[Collected data entries]
--*--
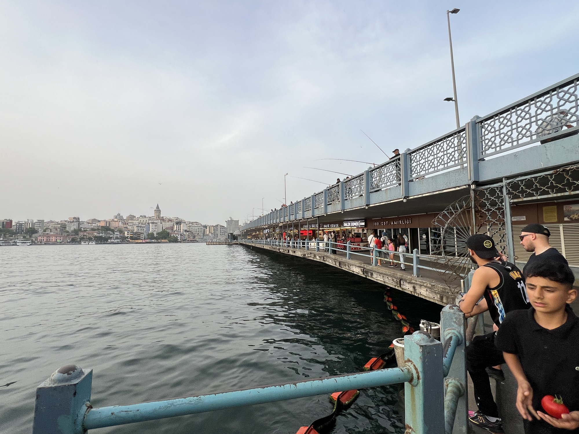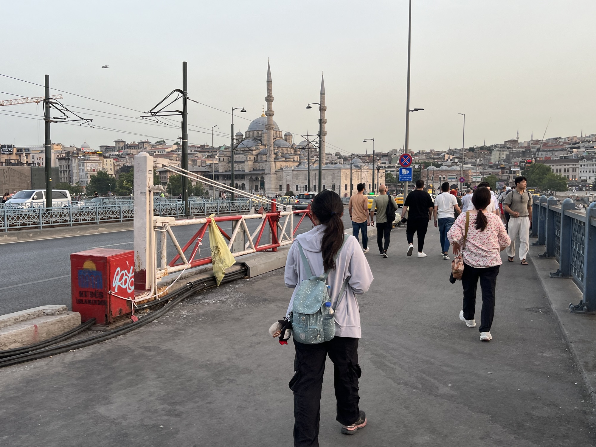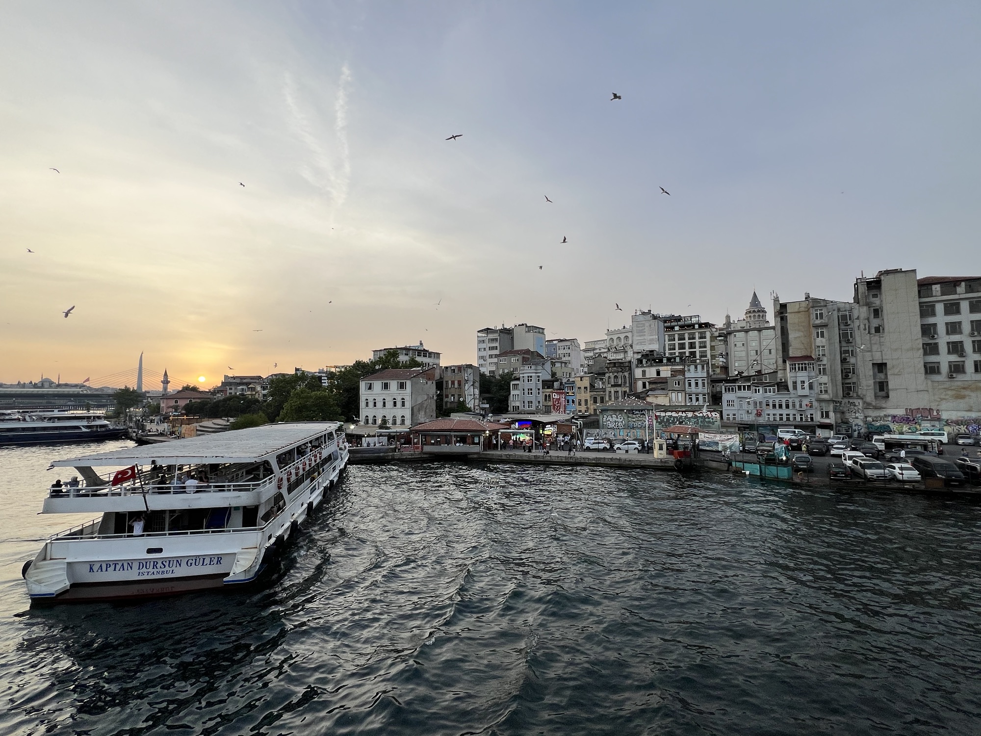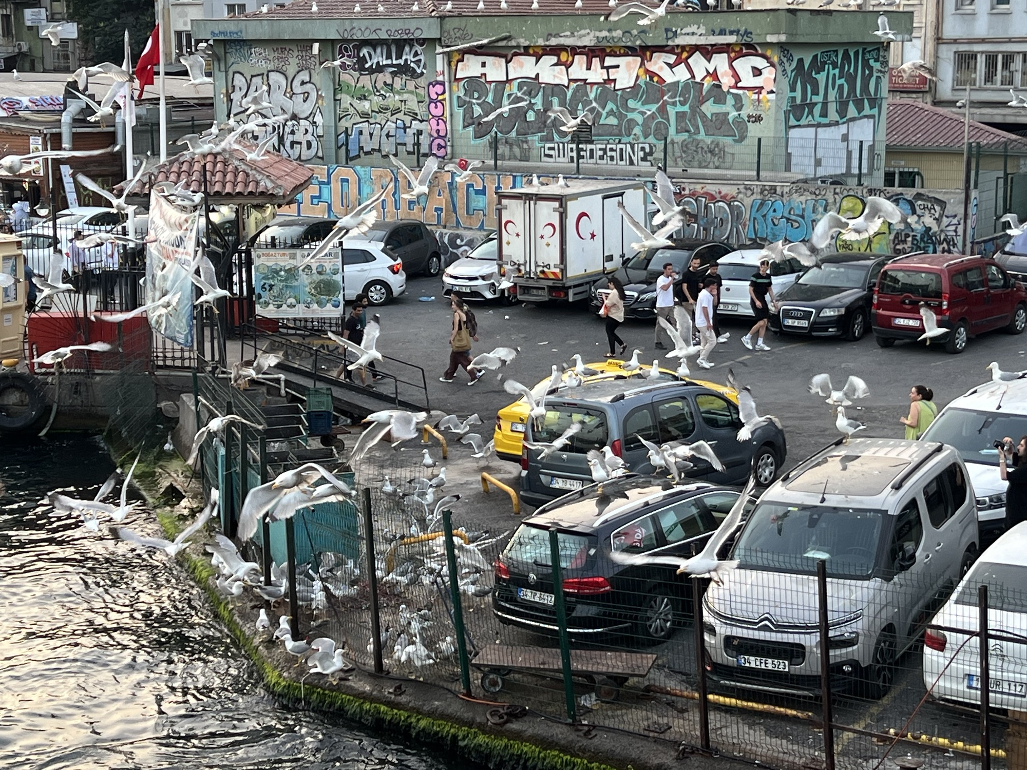 吃完三明治走上加拉塔大橋,橋下有好幾間海鮮餐廳不斷攬客。橋中央有個小平台能欣賞金角灣日落的海景,八點多正好是各家博斯普魯斯遊船的出發時間,我們一直跟船上的人揮手打招呼然後各種自拍。港邊海鷗非常多,尤其船隻經過時都會有大量海鷗跟著,不知道是不是因為船經過時魚容易跳起來。一直走到橋的另一側,發現有漁船會把魚內臟丟在港邊停車場餵海鷗,數百隻海鷗瞬間衝下來搶食,三兩下就幾乎吃了精光,就是會飛的野狗。
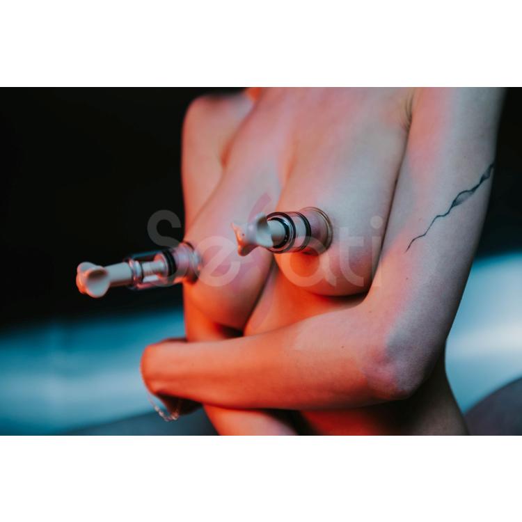 Вакуумные стимуляторы для сосков - возбуждающая БДСМ секс игрушка. От вакуумного давления соски становятся увеличенными и более чувствительными к ласкам и стимуляции. Безболезненны и безопасны, а так же имеют свою пользу для подготовки к кормлению ребенка. Удобная и эргономичная конструкция вакуумных помп позволяет быстро и легко создать нужный вакуум в эрогенных зонах - они так же подойдут и для стимуляции клитора. Достаточно просто приложить их к желаемой части тела и начать постепенно выкачивать воздух с помощью поршней. Доступны два цвета и разные размеры. Внутренний диаметр 2.5 см.
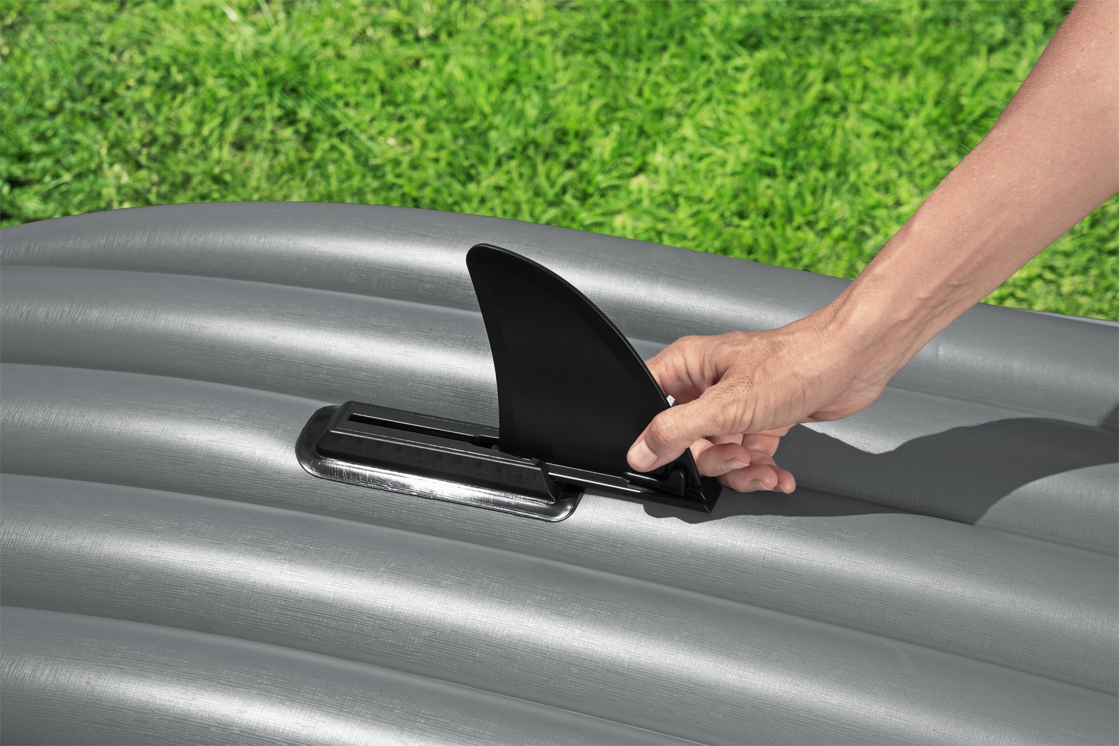 Praktikus megoldások, mint az első és hátsó gumipók hálók a csomagoknak, a körbefutó kapaszkodókötél a könnyű mozgatáshoz, valamint a gyorszáras szelepek a gyors felfújáshoz/leeresztéshez időt és helyet takarítanak meg. A levehető uszony (skeg) különböző méretekben segíti az egyenesfutást és javítja a kezelhetőséget.
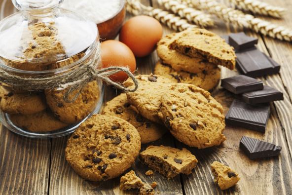 2. U posebnoj činiji izmešajte ovsene pahulje, prašak za pecivo, cimet i so. Te sastojke polako dodajte u činiju s prethodnim sastojcima i mešajte dok ne dobijete jednoličnu smesu. Zatim dodajte komadiće čokolade i brusnice.
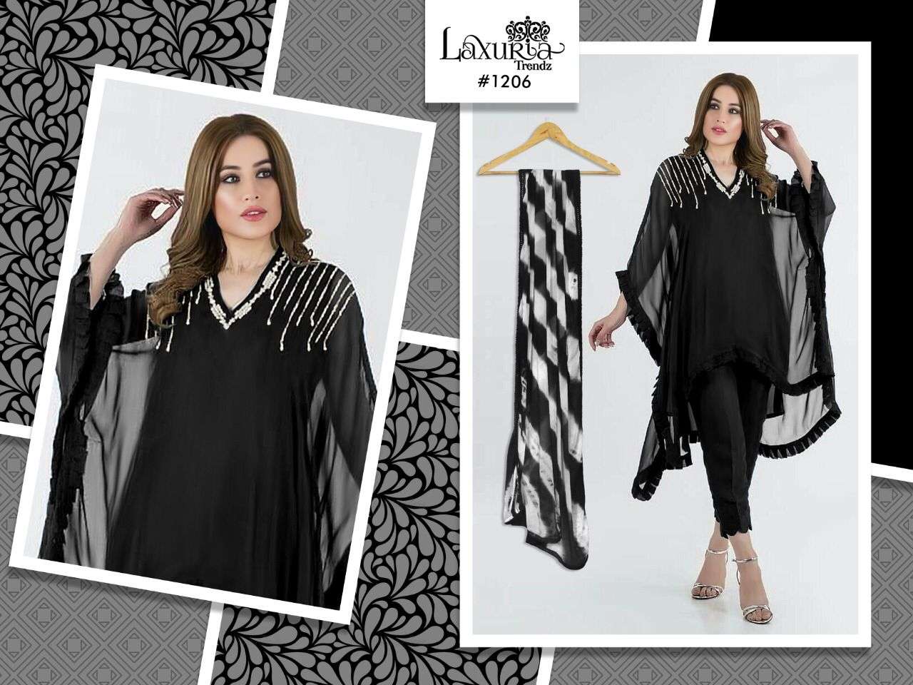 laxuria trendz 1206 georgette stylish kaftan with pant readymade set
--*--
All of the data gets printed again exactly; the pictures do not.

 吃完三明治走上加拉塔大橋,橋下有好幾間海鮮餐廳不斷攬客。橋中央有個小平台能欣賞金角灣日落的海景,八點多正好是各家博斯普魯斯遊船的出發時間,我們一直跟船上的人揮手打招呼然後各種自拍。港邊海鷗非常多,尤其船隻經過時都會有大量海鷗跟著,不知道是不是因為船經過時魚容易跳起來。一直走到橋的另一側,發現有漁船會把魚內臟丟在港邊停車場餵海鷗,數百隻海鷗瞬間衝下來搶食,三兩下就幾乎吃了精光,就是會飛的野狗。
 Вакуумные стимуляторы для сосков - возбуждающая БДСМ секс игрушка. От вакуумного давления соски становятся увеличенными и более чувствительными к ласкам и стимуляции. Безболезненны и безопасны, а так же имеют свою пользу для подготовки к кормлению ребенка. Удобная и эргономичная конструкция вакуумных помп позволяет быстро и легко создать нужный вакуум в эрогенных зонах - они так же подойдут и для стимуляции клитора. Достаточно просто приложить их к желаемой части тела и начать постепенно выкачивать воздух с помощью поршней. Доступны два цвета и разные размеры. Внутренний диаметр 2.5 см.
 Praktikus megoldások, mint az első és hátsó gumipók hálók a csomagoknak, a körbefutó kapaszkodókötél a könnyű mozgatáshoz, valamint a gyorszáras szelepek a gyors felfújáshoz/leeresztéshez időt és helyet takarítanak meg. A levehető uszony (skeg) különböző méretekben segíti az egyenesfutást és javítja a kezelhetőséget.
 2. U posebnoj činiji izmešajte ovsene pahulje, prašak za pecivo, cimet i so. Te sastojke polako dodajte u činiju s prethodnim sastojcima i mešajte dok ne dobijete jednoličnu smesu. Zatim dodajte komadiće čokolade i brusnice.
 laxuria trendz 1206 georgette stylish kaftan with pant readymade set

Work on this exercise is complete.